Records from a data collection
-- Opening Marker --

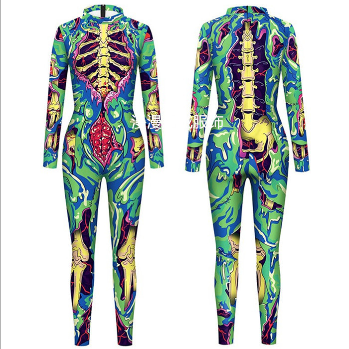 2022 새로운 크리스마스 그린 3D 디지털 인쇄 성인 어린이 슬림 긴 소매 cos
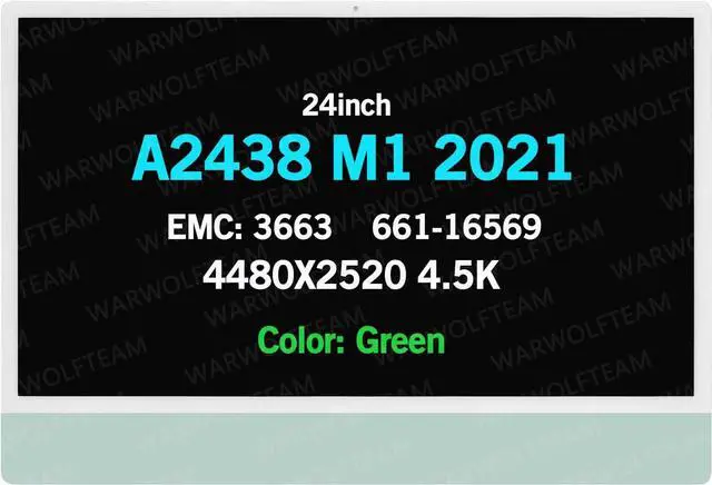 NUOLAISUN Replacement for iMac 24" A2438 M1 2021(4-Ports) EMC 3663 MGPC3xx/A MGPD3xx/A MGPF3xx/A 24inch LCD LED 4480X2520 4.5K Display Screen Digitizer Assembly 661-16575 (Green)
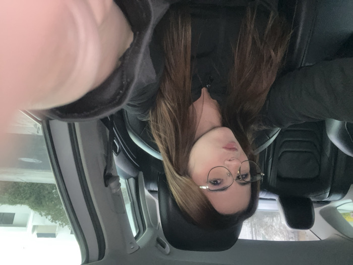 A young adult female is depicted in the driver's seat of a vehicle, taking a selfie
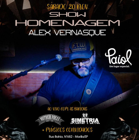 As bandas Mother Foca’s e Simetria, das quais Alex fazia parte, farão um show de homenagem ao cantor no Paiol que fica na Rua Bahia, 682.
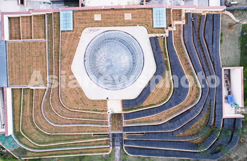 2021年5月20日,鸟瞰位于杭州市萧山区的世界旅游博物馆。近日,位于杭州市萧山区的的世界旅游总部暨世界旅游博物馆建筑工程已完成五方竣工验收,该馆的景观工程也已基本完成,开始进入博物馆展陈装修阶段。
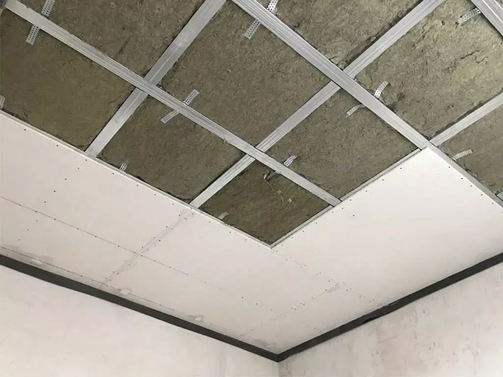 Осуществить монтаж Акустического гипсокартона толщиной 12,5 мм. Стыки листов гипсокартона в дельнейшем шпаклюются, обрабатывать герметиком их не нужно.
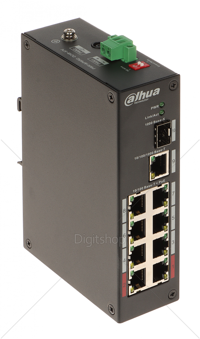 Switch PFS3110-8ET-96-V2 je naprava industrijskega tipa, ki zagotavlja tekoči omrežni prenos s hitrostjo 10/100 Mb/s. Tovrstne naprave se lahko uporabljajo v sistemih, ki se izvajajo v industrijskih objektih v neugodnih pogojih kot so visoke ali nizke temperature.
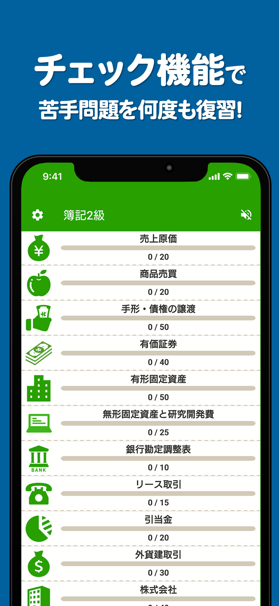 資格取得・試験勉強の強い味方。令和7年(2025年)に日商簿記二級の合格を目指すなら、このアプリを今すぐインストール!
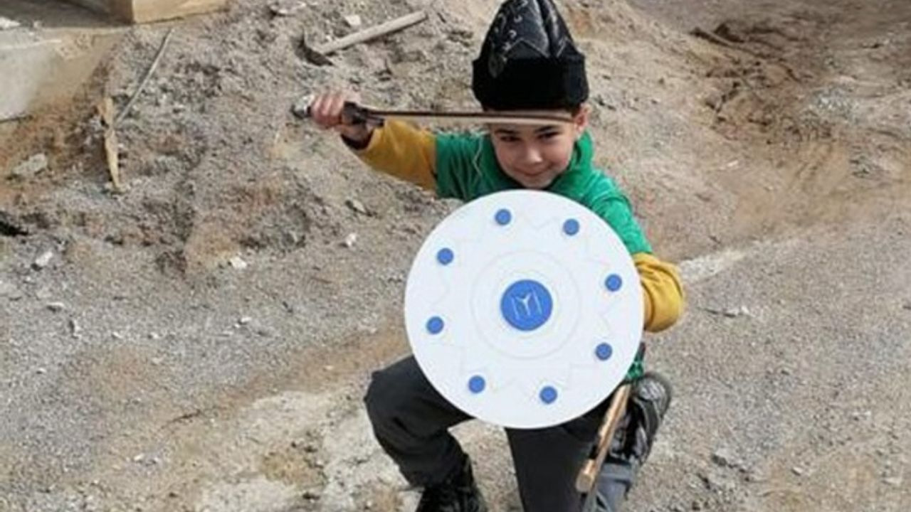 Depremin ardından bölgeye giden Bursa Osmangazi Belediyesi’ne bağlı görevli mühendisler, hurdaya dönmüş bir otomobilin jant kapağından kendisine kalkan yapan ve bir tahta parçasını da kılıç olarak kullanıp sokakta oyun oynayan 6 yaşındaki Osmangazi Avcı’yı gördü.
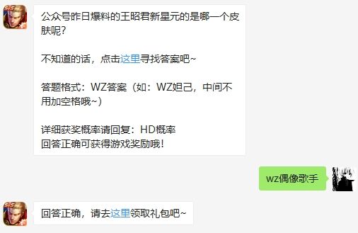 公众号昨日爆料的王昭君新星元的是哪一个皮肤呢?王者荣耀4月17日微信每日一题答案
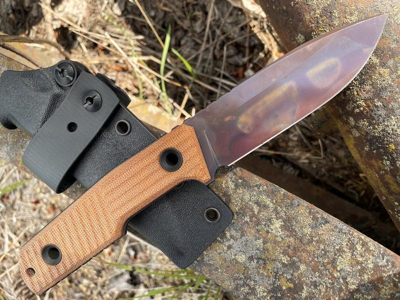 TRC Knives Urban Tactical. Natural Canvas Micarta Apocalypse Elmax Blade

-- Closing Marker --

WHAT YOU NEED TO DO: Your task is to repeat the entries above exactly, omitting the pictures.

ANSWER SPACE:
 2022 새로운 크리스마스 그린 3D 디지털 인쇄 성인 어린이 슬림 긴 소매 cos
 NUOLAISUN Replacement for iMac 24" A2438 M1 2021(4-Ports) EMC 3663 MGPC3xx/A MGPD3xx/A MGPF3xx/A 24inch LCD LED 4480X2520 4.5K Display Screen Digitizer Assembly 661-16575 (Green)
 A young adult female is depicted in the driver's seat of a vehicle, taking a selfie
 As bandas Mother Foca’s e Simetria, das quais Alex fazia parte, farão um show de homenagem ao cantor no Paiol que fica na Rua Bahia, 682.
 2021年5月20日,鸟瞰位于杭州市萧山区的世界旅游博物馆。近日,位于杭州市萧山区的的世界旅游总部暨世界旅游博物馆建筑工程已完成五方竣工验收,该馆的景观工程也已基本完成,开始进入博物馆展陈装修阶段。
 Осуществить монтаж Акустического гипсокартона толщиной 12,5 мм. Стыки листов гипсокартона в дельнейшем шпаклюются, обрабатывать герметиком их не нужно.
 Switch PFS3110-8ET-96-V2 je naprava industrijskega tipa, ki zagotavlja tekoči omrežni prenos s hitrostjo 10/100 Mb/s. Tovrstne naprave se lahko uporabljajo v sistemih, ki se izvajajo v industrijskih objektih v neugodnih pogojih kot so visoke ali nizke temperature.
 資格取得・試験勉強の強い味方。令和7年(2025年)に日商簿記二級の合格を目指すなら、このアプリを今すぐインストール!
 Depremin ardından bölgeye giden Bursa Osmangazi Belediyesi’ne bağlı görevli mühendisler, hurdaya dönmüş bir otomobilin jant kapağından kendisine kalkan yapan ve bir tahta parçasını da kılıç olarak kullanıp sokakta oyun oynayan 6 yaşındaki Osmangazi Avcı’yı gördü.
 公众号昨日爆料的王昭君新星元的是哪一个皮肤呢?王者荣耀4月17日微信每日一题答案
 TRC Knives Urban Tactical. Natural Canvas Micarta Apocalypse Elmax Blade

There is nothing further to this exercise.